How I switched from Python to Julia (and why)

A little background on Python

Python is a great language. I tried several languages before it: Pascal at school; C, C with classes, C ++ - at the university. The last two (three) have instilled a persistent aversion to programming: instead of solving a problem, you are busy with allocations and destructors (scary words from the past), thinking in terms of low-level primitives. My opinion is that C is not suitable for solving educational and scientific problems (in any case, in the field of mathematics). I am sure that I will be objected, but I'm not trying to impose anything on anyone, just expressing my opinion.
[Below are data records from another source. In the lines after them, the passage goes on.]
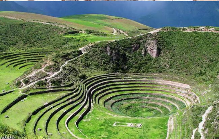
บ่าย นำท่านเดินทางสู่ มาราซ (Maras) แหล่งผลิตเกลือที่คุณภาพดีที่สุดในโลก ที่มีมาตั้งแต่สมัยอินคา แนวนาชั้นบันไดที่เรียงอยู่ตามลำดับความสูงของภูเขา จากนั้นเดินทางสู่ โมเรย์ (Moray) นาชั้นบนโดวงกลมขนาดใหญ่หลายๆรูปร่างแปลกตาที่ชาวอินคาทำไว้เพื่อทดลองปลูกพืชพันธุ์ต่างๆ จากจุดนี้สามารถมองเห็น หมู่บ้านอูรัมบัмба (Urubamba) ได้อีกด้วย ได้เวลาเดินทางกลับสู่เมือง เมืองคัสโก (Cusco) เมืองหลวงของอาณาจักรอินคา ที่แพร่ขยายอำนาจจนกินพื้นที่ 1 ใน 3 ของอเมริกาใต้ ตั้งอยู่เหนือระดับน้ำทะเลถึง 3,400 เมตร และเป็นแหล่งอารยธรรมยุคก่อนประวัติศาสตร์ที่ลึกลับน่าทึ่ง เป็นชุมชนเก่าแก่ของจักรวรรดิอินคาอันรุ่งเรือง ซึ่งยังคงทิ้งร่องรอยความเจริญไว้ให้เห็นเป็นซากปรักหักพังโบราณและโบราณวัตถุต่างๆ
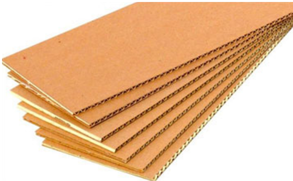
Сурет 1- Қайта өңделген картон

Жұқа тазалауда бір-бірін толықтыратын әртүрлі тәсілдермен жүзеге асырылады, өйткені кейбір бір әдіс макулатураның қажетті тазалығын қамтамасыз етпейді. Әдетте жұқа тазалау осы ретпен өтеді: сұрыптау құрылғысын пайдалану; термодисперсиялық құрылғының көмегімен. Көмегімен тазалау - әрі қарай тазалауды әртүрлі қосымша жабдықтардың көмегімен жасауға болады, оны төменде егжей-тегжейлі қарастырамыз [10, 49-57 с.].
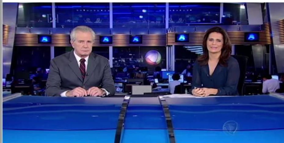
Documentário: Fake News

Segundo o documentarista este vídeo é um documentário de observação: Que características ele apresenta?
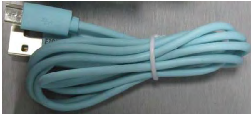
Figure 1 : Nouveau câble "intelligent"
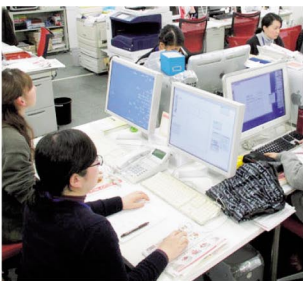
▲緊急雇用創出事業での雇用者の研修の様子
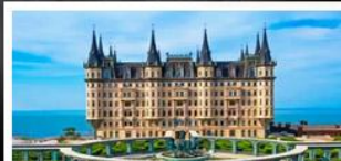
ไรไวน์และคฤหาสน์จางยู
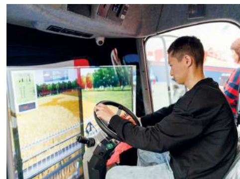
Почувствовать себя настоящим профессионалом можно было за штурвалом современного комбайна

В рамках мастер-классов участникам Единого дня открытых дверей в ВолГАУ показали как устроена сельскохозяйственная техника, рассказали о рабочих профессиях, которые можно получить в период обучения, продемонстрировали как создать дизайн участков в компьютерных программах. Будущие абитуриенты на симулято-
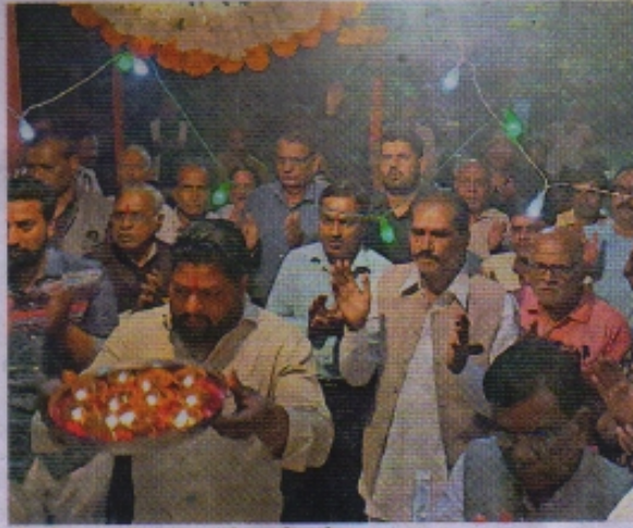
श्री रत्नेश्वर महादेव भगवान की आरती करते हुए भक्तजन।
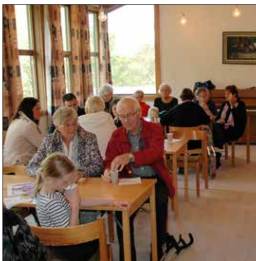
Det sat nokon ved alle borda i kyrkjelydssalen.
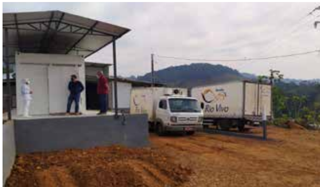
Investimento na indústria de pescados
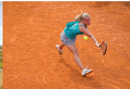
Carlos Delgado, CC-BY-SA 3.0
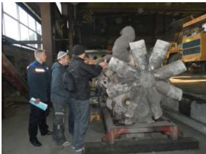
ОАО УК «Северный Кузбасс»
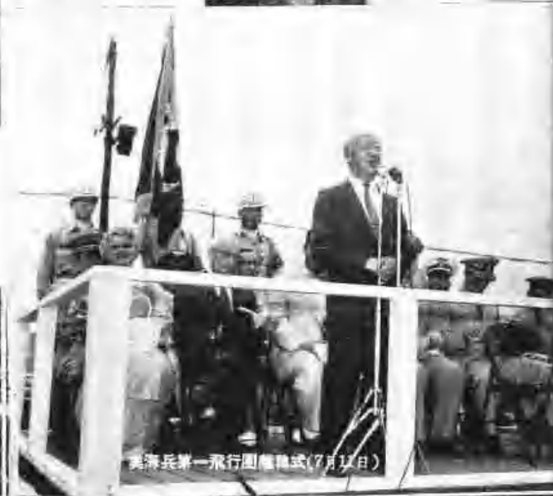
美海兵第一飛行團離韓式(7月12日)
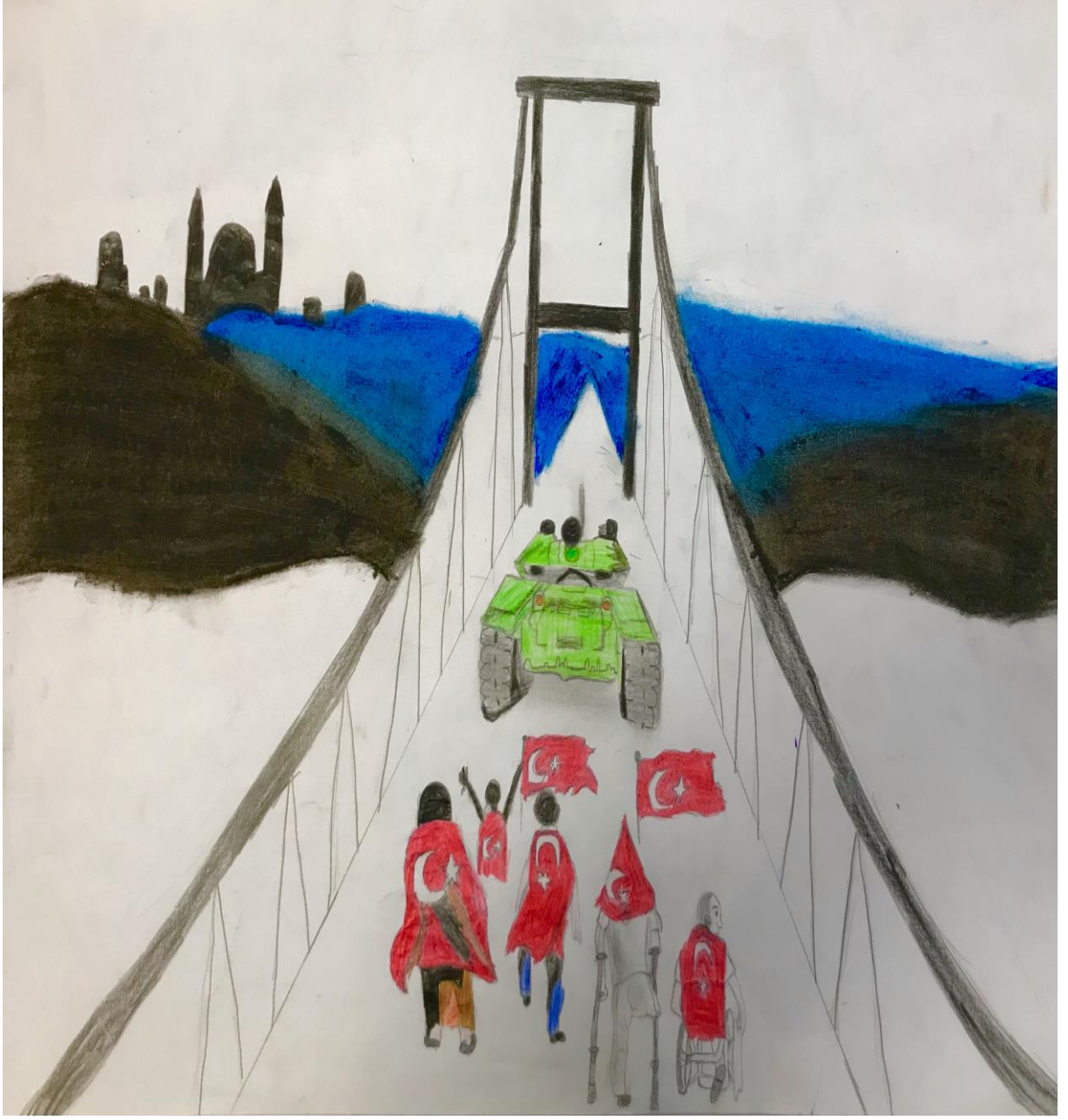
Fatmanur GÜLTEKİN 7/A
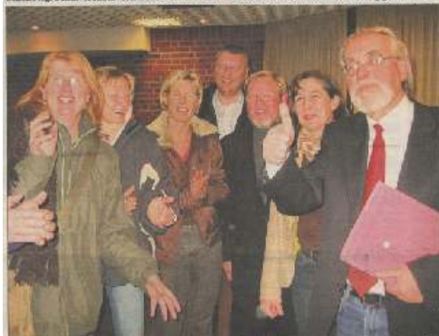
Schüler der Gemeinschaftsschule in Altschönberg.
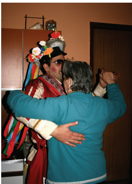
V vsaki hiši se je moralo zaplesati z gospodinjo za debelo repo.
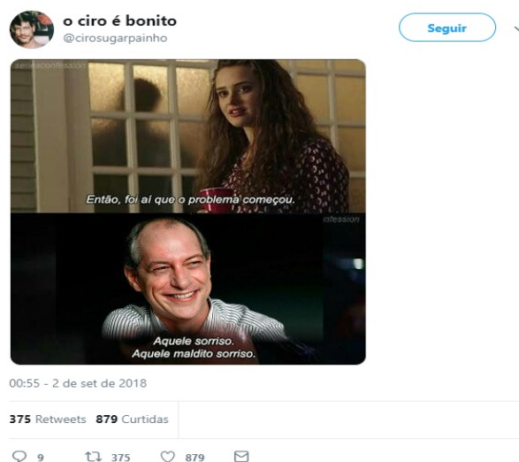
Figura 3 – Exemplo de mensagem do usuário “o ciro é bonito”

Como destacado na reportagem compartilhada no tweet analisado, o meme de Ciro como um sex symbol foi criado por indivíduos que o consideravam bonito. Esse tipo de manifestação gerou, inclusive, um perfil no Twitter, com a finalidade de reproduzir várias mensagens de conteúdos afins (FIGURA 3). Com isso, surgiram mensagens de diversos tipos, como fotos, montagens e até mesmo outras mais simples, apenas contendo texto verbal (sem imagens ou vídeos). Alguns desses exemplos podem ser vistos na reportagem mencionada no tweet 13 , os quais também apresentam a remixagem do meme.
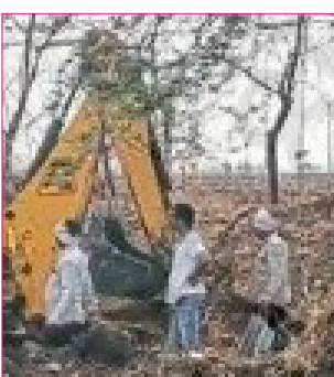
शेतारस्त्याच्या वहिवाटीवरून दोन शेतकऱ्यांमध्ये सुरू असलेला
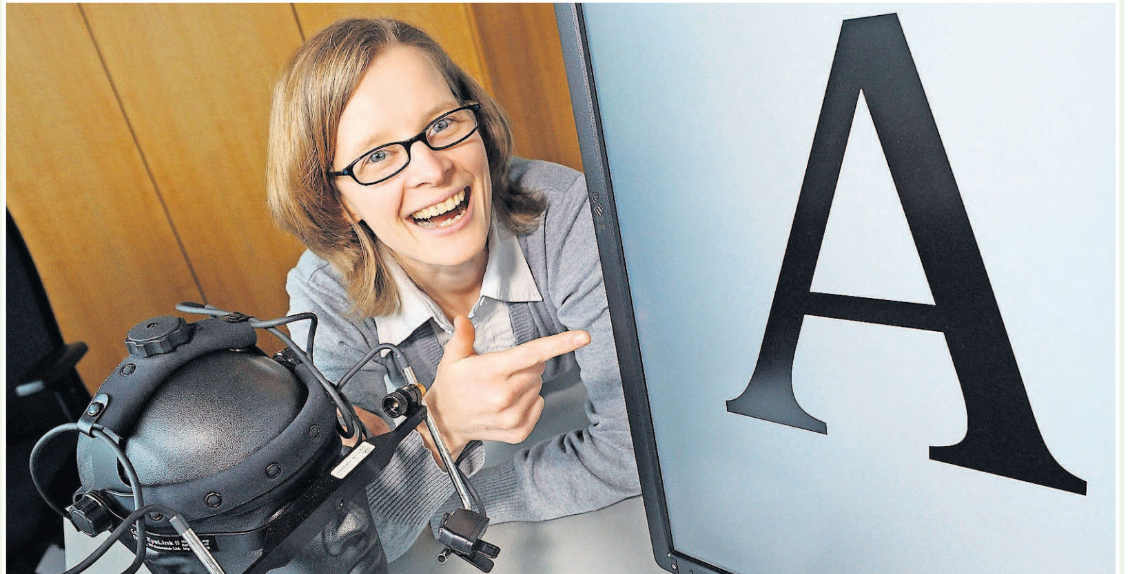
In ihrer Vorlesung am 6. Mai wird Vera Demberg mit den Studenten der Saarbrücker Kinder-Uni Sprache erforschen.

ran, dass jeder, der Deutsch spricht, den Aufbau dieser Sprache beherrscht. Wie das Grundgerüst einer Sprache aussieht und wie sie im Gehirn abgespeichert wird, erforschen Sprachwissenschaftler wie Vera Demberg von der Saar-Universität. Sie wird in ihrer Vorlesung bei der Kinder-Uni aufregende Experimente machen, in denen ihr beobachten könnt, was im Ge-
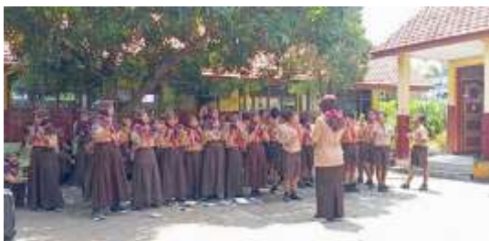
Gambar 2. Guru Mengkoordinasi Peserta Didik dalam Kegiatan Proyek
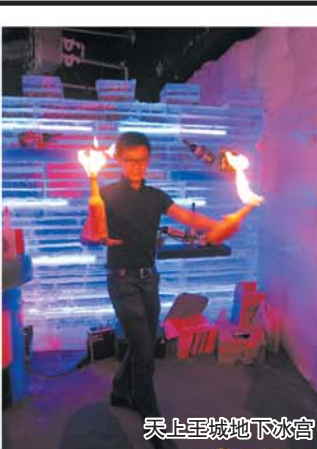
天上王城地下冰宫
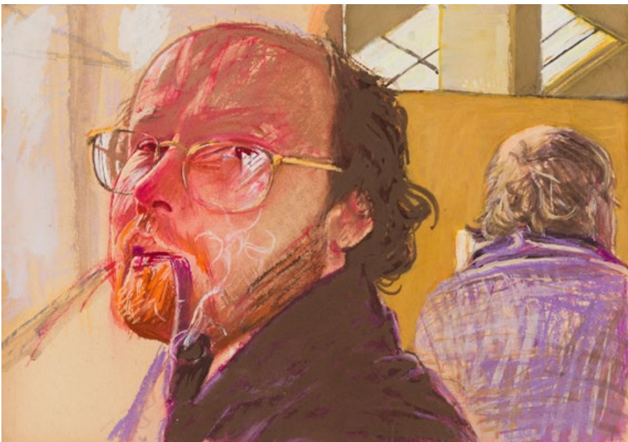
Autoportrét, nedatováno, pastel a akryl na papíře, 50 x 35 cm
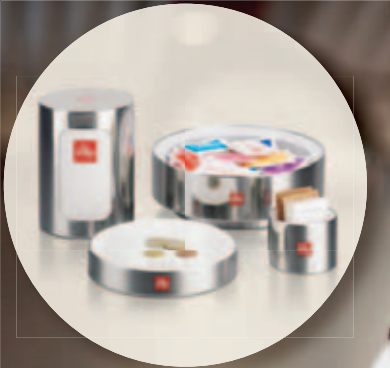
Accesorios para el servicio
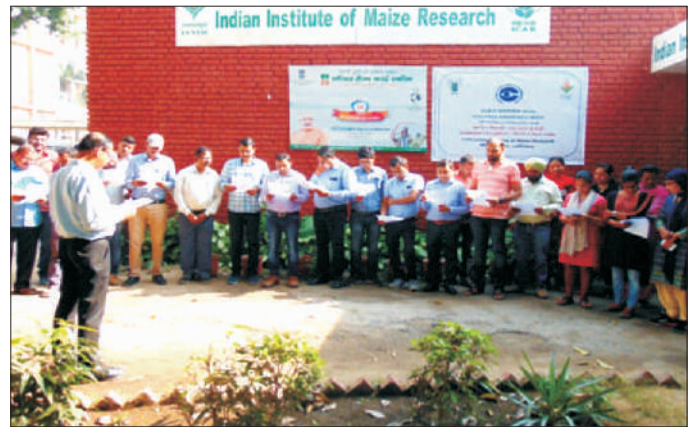
भामअनुस सदस्य सत्यनिष्ठा शपथ लेते हुए

The Vigilance Awareness Week was organized from 29 th October to 3 rd November 2018. Integrity pledge was taken by staff members at all the centres of the institute. Some events such as debate, essay and quiz competitions were organised during this period. Institute integrity pledge was registered online and online integrity pledge at individual level was encouraged. Certificates were distributed to the winners of various competitions during the closing ceremony held on 3 rd November 2018.

Python has become a revelation in its time. For the first time in my life, I wrote several levels of abstraction higher than is customary in Xi. The distance between the task and the code has decreased as never before.

I would probably have written it all my life in Python if I didn’t have to suddenly implement NIST statistical tests. It would seem that the task is very simple: there is an array of several lengths (> = 10) megabytes, there is a set of tests that need to be applied to this array.

What is good numpy?

In python for working with arrays there is a good numpy package, which is essentially a high-level interface on fast libraries like LAPACK. It would seem that the entire gentlemanly set for scientific computing is available (Sympy, Numpy, Scipy, Matplotlib), what more could you ask for?
')
Everyone who has dealt with numpy knows that he is good, but not in everything. We still have to try to make the operations vectorized (as in R), i.e. in a sense, uniform for the whole array. If suddenly your task for some reason does not fit into this paradigm, then you have problems.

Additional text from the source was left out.